Recently, I keep hearing variations on a theme that—in this tough economic climate—ought to be posted over the door of every person responsible for the company’s marketing. “Don’t market harder. Market smarter.” In fact, just today, I think I ran across it at least three times.

Most recently, it was in a free white paper I downloaded from The Peppers & Rogers Group entitled “The One-to-One Future: Are We There Yet?”  On the first page, the company made several points—several of which I’ve made here before but are worth repeating ad nauseum. Although the basic points are from the white paper, I’ve felt free to elaborate on them (as I usually do).

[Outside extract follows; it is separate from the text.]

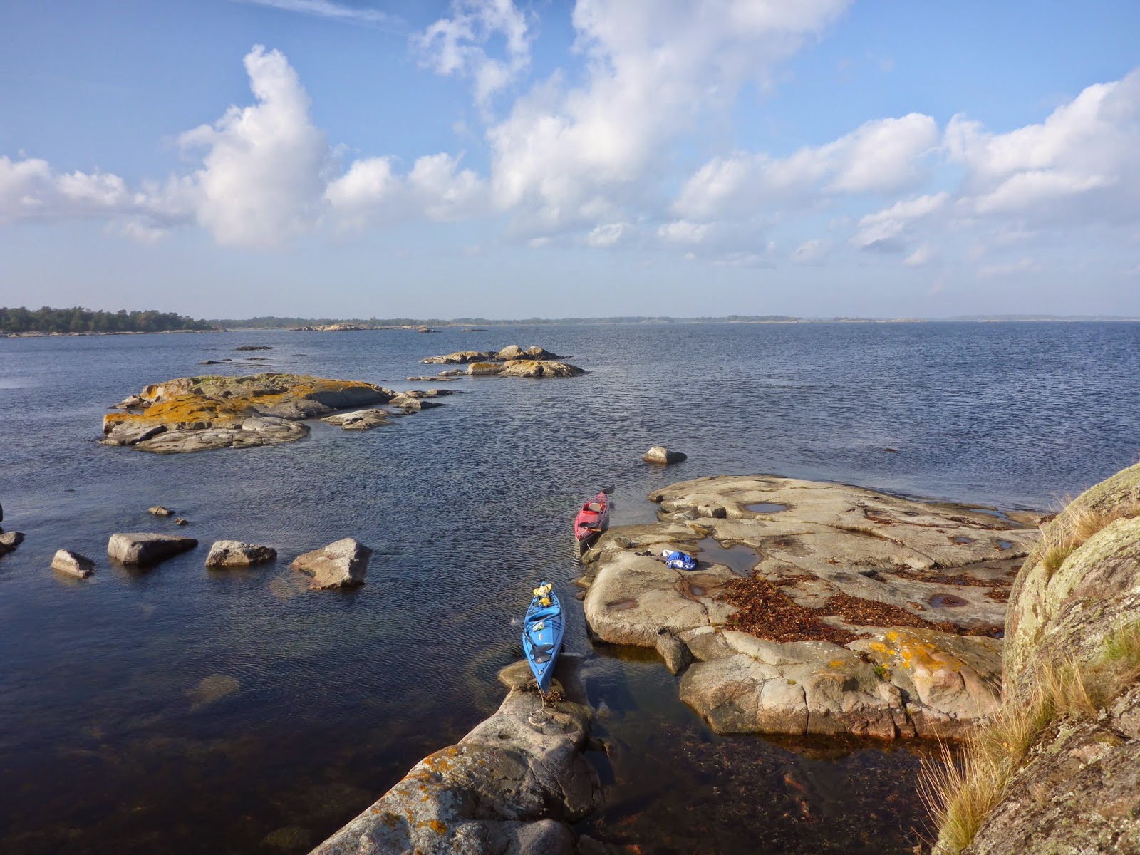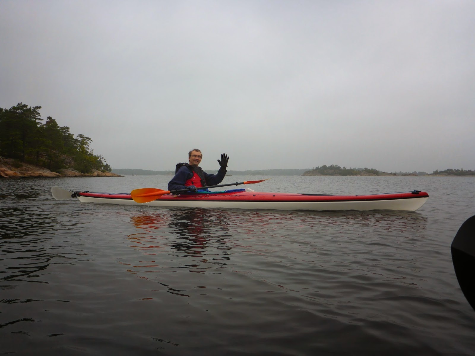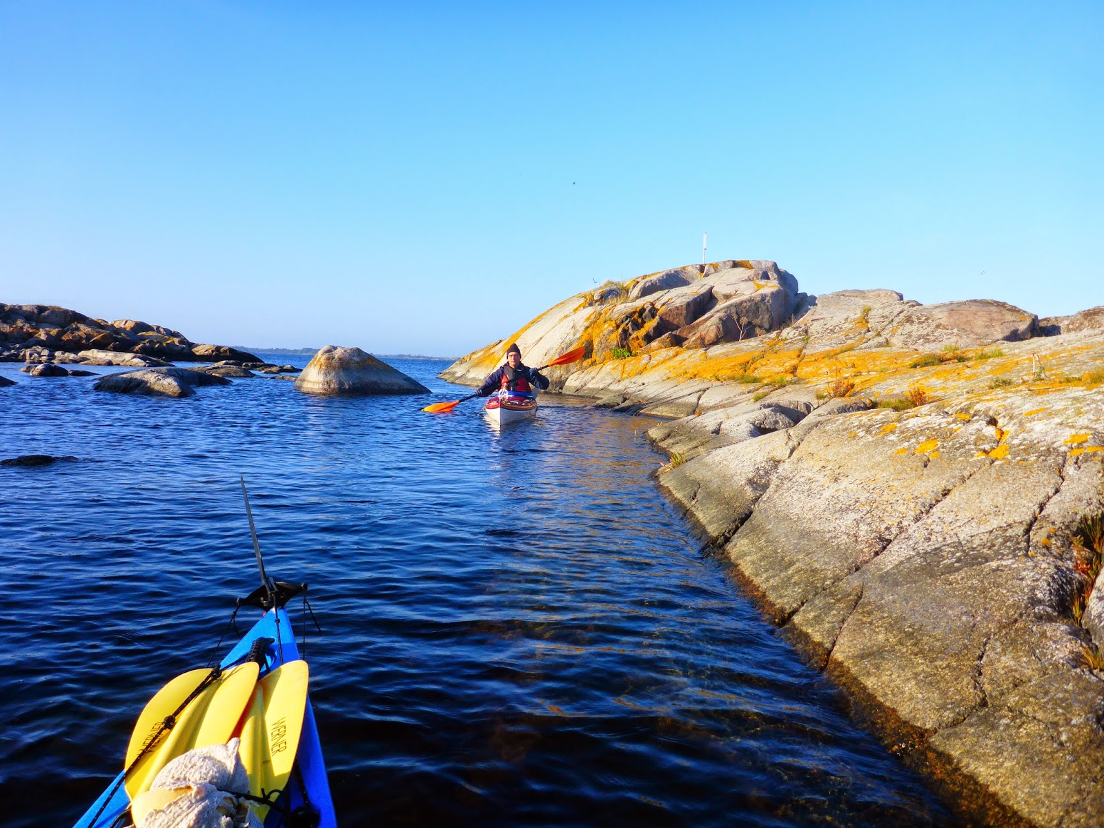 …två kajaker glider i väg mot…

  1. Focus on long-term results, not short-term results. It makes you less vulnerable to swings in domestic and global markets.
  2. If you have to choose between current and prospective customers, focus on current ones. Get to know them. Which customers spend the most money with you? Which spend the most frequently? Which result in the highest margins?  Know who they are and begin a dialog with them. For more on this, see my column XX.
  3. Move away from mass marketing, which suffers from short consumer attention spans and media fragmentation.
  4. Focus on relevance, not “personalization.” Personalization is data—plugging data into fields in a document. Relevance can be achieved without personalization. It can be achieved with basic demographic segmentation. Or it can be achieved with a single data point, if that data point is the right one.
  5. Not only increase the relevance, but send messages more frequently. It engages the customer, increases loyalty, and keeps you top of mind.
  6. Create a dialog—not pepper them with a monolog. Invest in technologies and marketing strategies that enable them to “talk” back to you. Utilize personalized URLs. Capture information on your website. Send them a customer survey.
  7. Touch your customer on multiple levels—touch them with multiple media (multichannel marketing), if possible, and with multiple people within the organization. The more touchpoints, the more engaged, loyal, and profitable your customer will be.
  8. Become more savvy about monitoring and tracking online. This allows you to update customer data in real time. That data will give you more insights into customer demographics and behavior than you ever thought possible.
Have questions? Comments? I'd love to hear from you. You can email me at info@digitalprintingreports.com. For more information on primers for marketers and small businesses on digital, 1:1, Web-to-print, and personalized URL applications, visit Digital Printing Reports. You can also keep up with all of my posts on EBS, The Inspired Economist ("Greening Print Marketing"), and other blog sites by following me on Twitter.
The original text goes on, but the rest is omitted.